We’ve all heard it. A million times.
Revise,
Revise, Revise!
I
recently wrote 5000+ PowerPoint slides for the Emergency Care text book (Limmer, O’Keefe, & Dickinson
through Brady Publishing). This was the 10th edition of the book. Now
I’ll be honest, not a whole lot has changed in how to stop a wound from
bleeding to require ten editions, but our audience sure has changed! Students
want up-to-date information, pictures, and research. I can’t imagine trying to
teach an EMT class with the stone tablets I learned from, so don’t let your
PowerPoint slides become stagnant.
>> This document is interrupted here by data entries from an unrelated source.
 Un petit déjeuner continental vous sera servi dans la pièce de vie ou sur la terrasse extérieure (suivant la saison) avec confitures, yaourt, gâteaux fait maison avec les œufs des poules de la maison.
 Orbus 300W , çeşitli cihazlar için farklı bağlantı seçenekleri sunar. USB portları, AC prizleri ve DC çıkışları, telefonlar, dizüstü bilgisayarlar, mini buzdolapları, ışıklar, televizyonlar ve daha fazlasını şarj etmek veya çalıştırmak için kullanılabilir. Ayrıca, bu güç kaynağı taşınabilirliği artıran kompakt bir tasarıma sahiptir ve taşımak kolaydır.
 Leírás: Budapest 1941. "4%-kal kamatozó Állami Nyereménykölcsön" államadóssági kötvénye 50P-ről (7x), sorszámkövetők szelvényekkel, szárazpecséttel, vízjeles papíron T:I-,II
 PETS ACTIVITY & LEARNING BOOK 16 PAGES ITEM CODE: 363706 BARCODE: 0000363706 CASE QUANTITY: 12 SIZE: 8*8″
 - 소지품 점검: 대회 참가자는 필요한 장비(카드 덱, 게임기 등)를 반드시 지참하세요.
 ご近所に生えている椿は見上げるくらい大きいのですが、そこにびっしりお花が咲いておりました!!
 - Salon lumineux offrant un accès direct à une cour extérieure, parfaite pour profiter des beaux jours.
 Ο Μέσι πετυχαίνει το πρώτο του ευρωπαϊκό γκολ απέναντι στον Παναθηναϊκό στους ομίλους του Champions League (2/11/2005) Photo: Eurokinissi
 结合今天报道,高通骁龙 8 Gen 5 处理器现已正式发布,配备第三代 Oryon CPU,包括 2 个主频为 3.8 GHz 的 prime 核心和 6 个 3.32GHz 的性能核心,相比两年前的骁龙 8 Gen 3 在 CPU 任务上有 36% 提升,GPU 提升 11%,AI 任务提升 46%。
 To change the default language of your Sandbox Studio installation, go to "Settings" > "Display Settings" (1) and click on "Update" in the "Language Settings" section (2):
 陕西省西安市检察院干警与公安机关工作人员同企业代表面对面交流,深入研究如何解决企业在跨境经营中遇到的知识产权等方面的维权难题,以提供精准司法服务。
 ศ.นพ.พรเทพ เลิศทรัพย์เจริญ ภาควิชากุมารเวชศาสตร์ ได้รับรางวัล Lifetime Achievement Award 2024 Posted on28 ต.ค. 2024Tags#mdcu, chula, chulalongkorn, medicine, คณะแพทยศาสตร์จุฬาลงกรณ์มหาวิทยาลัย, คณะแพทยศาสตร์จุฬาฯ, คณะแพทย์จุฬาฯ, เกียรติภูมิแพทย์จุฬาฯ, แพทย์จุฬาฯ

Revise before the class, and then after the
class, taking what went well and what didn’t, and revising your slides again. I
have lectures I have taught 20 times or more, and I have 20 still improving
versions of it!
“Everything
in moderation” can sum up PowerPoint. Teach what you know. Teach in the way you
know how to teach. Review what it is you are teaching, and then revise it to make
it better. This takes times to do, and effort on your part, but I for one enjoy
teaching, and PowerPoint helps me to be better at it.